Jean Teyssandier, Nicholas Harding, Sabri Jamal, Michael J. Wilson, Gary Frewin, Nicola Wong, William Stark, Mark S. Hill, Páidí Creed1
1biomodal Ltd, Cambridge, United Kingdom
We present analysis software optimised to analyse 5mC and 5hmC data at scale and describe its performance on a novel liquid biopsy dataset.
Methylation data has diverse applications in cancer, including early-stage diagnosis through liquid biopsy, classification to guide treatment pathways, and prognosis. However, analyzing methylation data poses significant challenges, as it is constrained by scalability and usability issues.
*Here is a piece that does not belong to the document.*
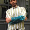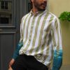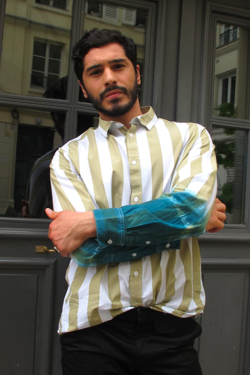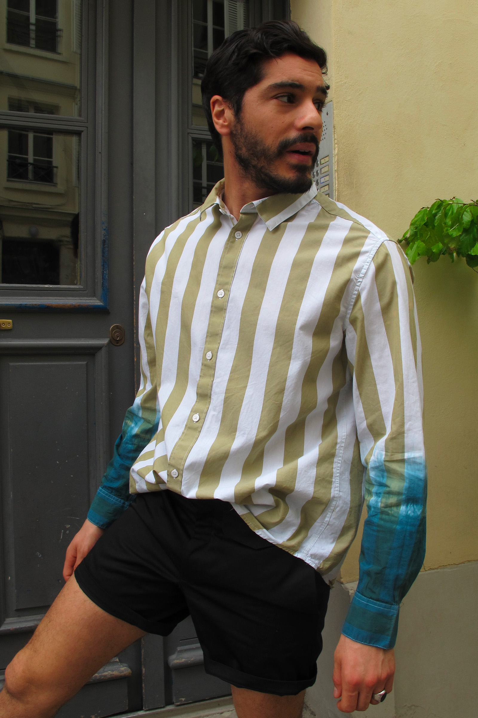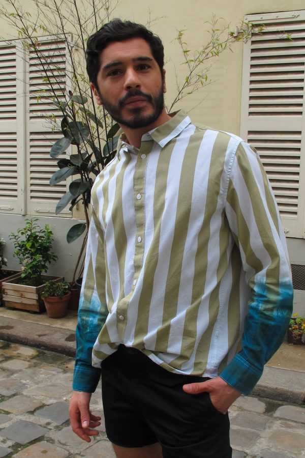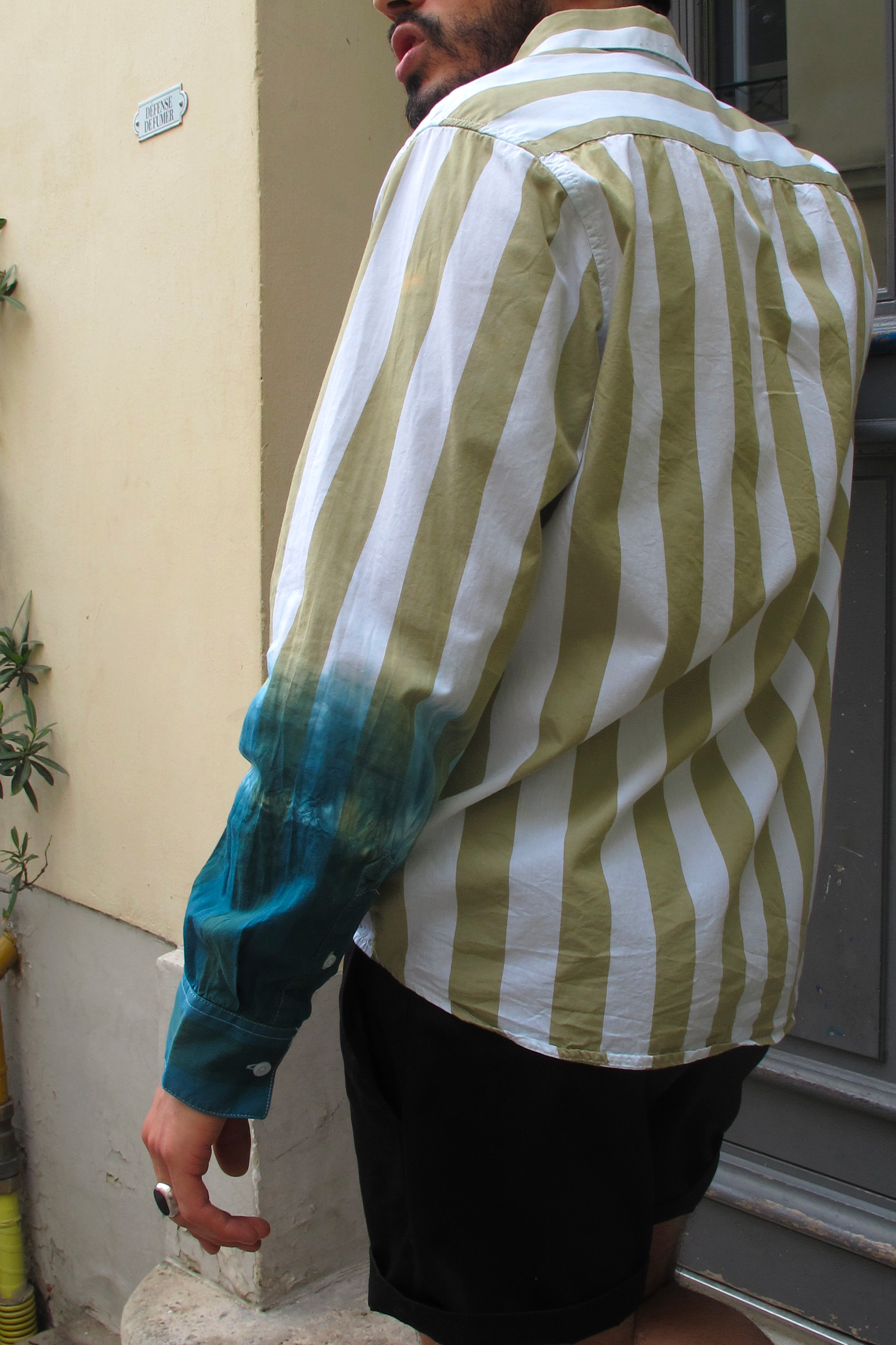 Striped cotton poplin shirt with tie dye details on the sleeves.

Our recently introduced technology, duet multiomics solution evoC, enables the reading of 6-base information (A, T, G, C, 5-mC and 5-hmC) from DNA, further amplifying the complexity and scale of datasets generated in a single sequencing experiment. To address this, we present a fast and scalable software package for the analysis of 6-base genomes, using multi-core out-of-memory processing to enable extremely efficient computation, even for datasets that are too large to fit into memory.
Our approach enables the analysis of large datasets, scaling to thousands of samples. Unlike existing tools that exceed typical laptop memory with ~10 samples, the analysis software can efficiently process a colorectal cancer liquid biopsy dataset of over 100 samples in minutes on a standard laptop. Furthermore, it runs a complex DMR model (logistic regression with covariates) genome-wide in under an hour, a task infeasible with current tools.
The analysis software combines efficient computation with tools for exploratory (e.g., plotting, correlation) and downstream analyses (e.g., DMR identification, PCA). Designed for efficiency and ease of use, it enables users to rapidly transition from raw data to actionable insights and publication-ready results. As multiomic data become the standard in cancer research, our data structure supports the integration of additional data types, allowing us to handle combined genomic and epigenomic data from solutions like duet evoC. This will enable streamlined and efficient multiomic analysis to uncover deeper biological insights.